If DF2 'PARTICIPANT' == DF1 'PARTICIPANT and DF2 'TRIAL' == DF1 'TRIAL',
1. Then calculate math.dist(p, q) where p and q are defined by the ***_FIX_X and ***_FIX_Y values from DF1 and DF2 (the *** stands for PRE or POST based on whether it's DF1 or DF2).
2. Else (i.e. If DF2 'PARTICIPANT' != DF1 'PARTICIPANT' or DF2 'TRIAL' != DF1 'TRIAL'), then move on to the next row in DF2
If result of math.dist(p, q) <= 150, then fill in 'REFIX' column in DF1 (for the row we're on in DF1) with the value of CURRENT_FIX_INDEX in DF2 (for the row that we're on in DF2)
Save DF1 as a new csv file

I'm not sure if I'm correct here, but this is what I have for determining the p and q values for the math.dist(p, q) function:

# Define p and q values for distance calculation
p = [(df1['PRE_FIX_X']), (df1['PRE_FIX_Y'])]
q = [(df2['POST_FIX_X']), (df2['POST_FIX_Y'])]

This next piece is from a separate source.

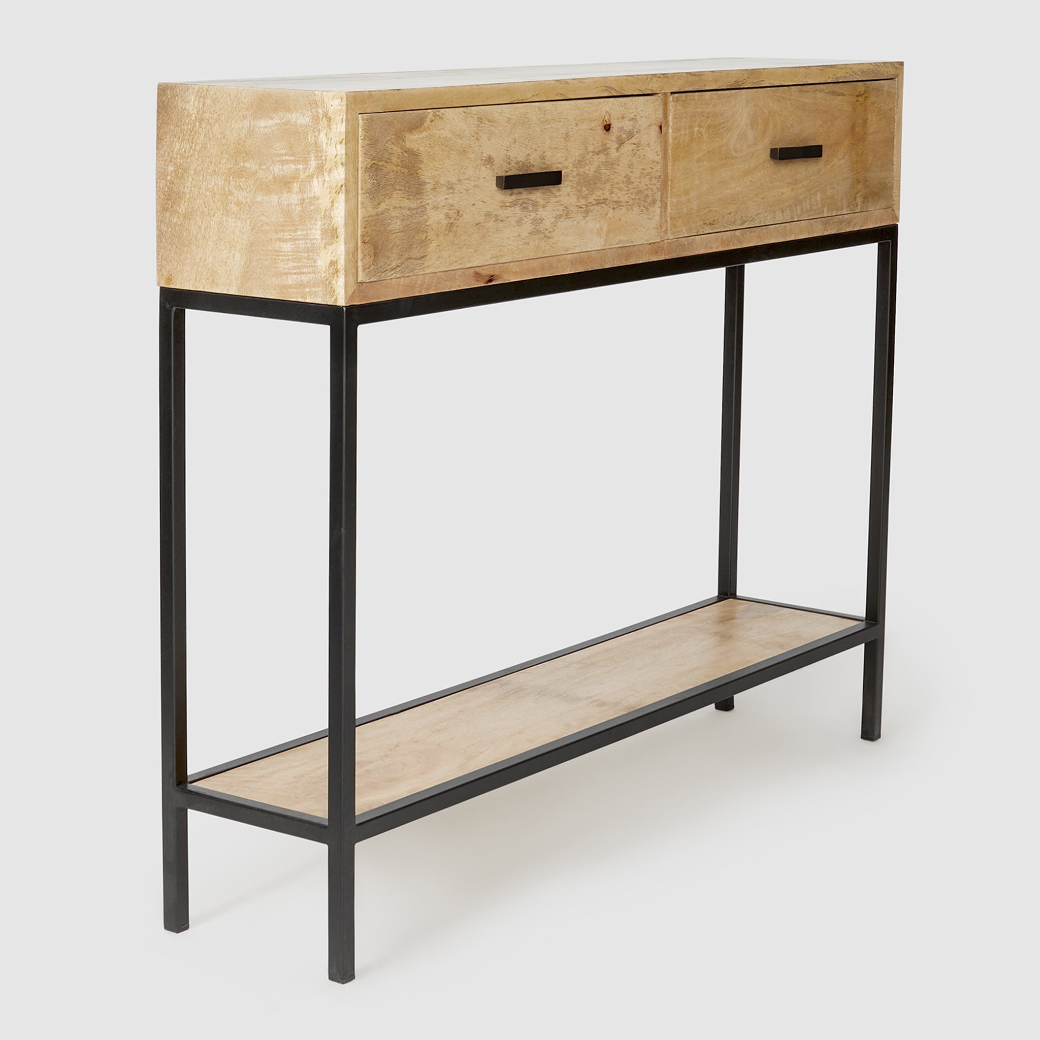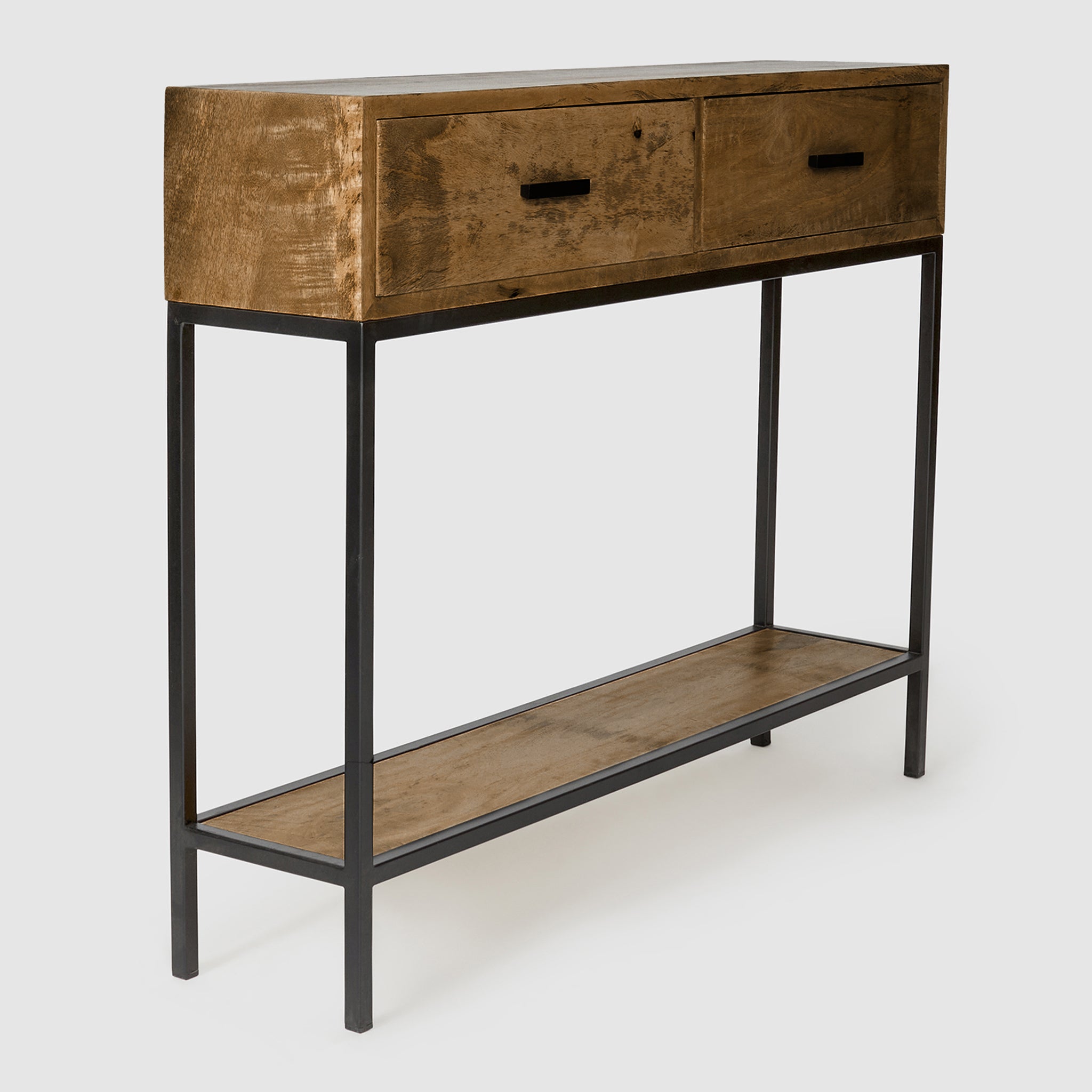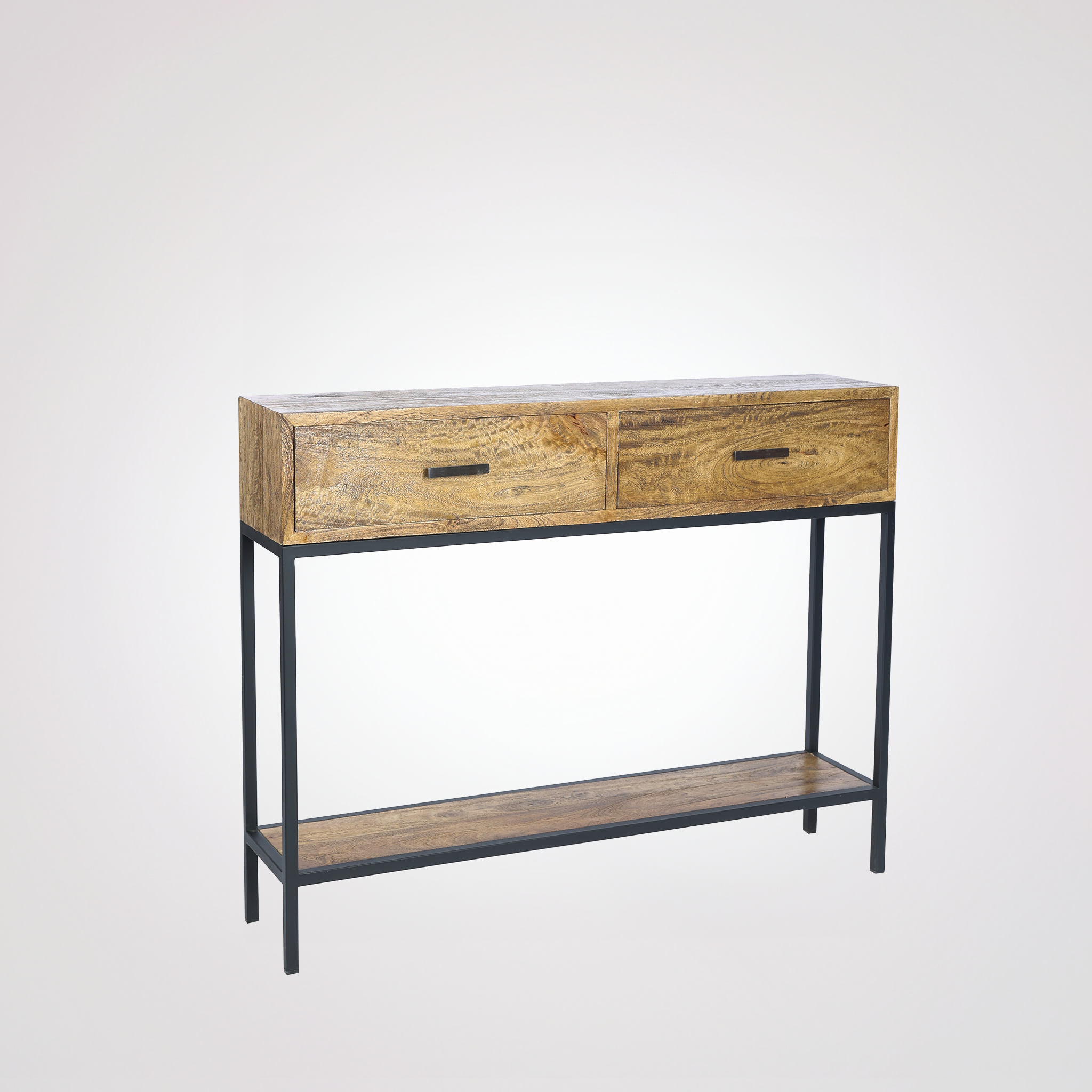 Introducing the Haveli Console, where the rich character of solid mango wood finds a perfect counterpoint in a sleek black metal frame. Equipped with two thoughtfully designed drawers, the Haveli provides both a touch of elegance and practical storage. Each grain of its wooden expanse speaks of nature's intricate artistry, while the contemporary metal frame lends a touch of modern sophistication. The Haveli Console is more than a furnishing—it stands as a symbol of sustainable luxury and masterful design, seamlessly blending function and flair to enhance any room.

Based on the example dataframes given, a complete DF1 file would look like this:

IP_INDEX	IP_LABEL	PARTICIPANT	TRIAL	CURRENT_FIX_INDEX	PRE_FIX_X	PRE_FIX_Y	REFIX
1	1st 3 Seconds	a	1	1	550	150	1
1	1st 3 Seconds	a	1	2	600	300	1,2
1	1st 3 Seconds	a	2	1	250	600	1
1	1st 3 Seconds	b	1	1	400	400
1	1st 3 Seconds	b	2	1	600	400	1

Solution

EDITED: Now includes count of REFIXes per trial as requested in comments

Your problem appears quite complex and was a smidge hard to follow but I think this may be what you want?

I don't think iterating through the two df's with nested if statements is the most efficient route but I can't think of a better option right now :)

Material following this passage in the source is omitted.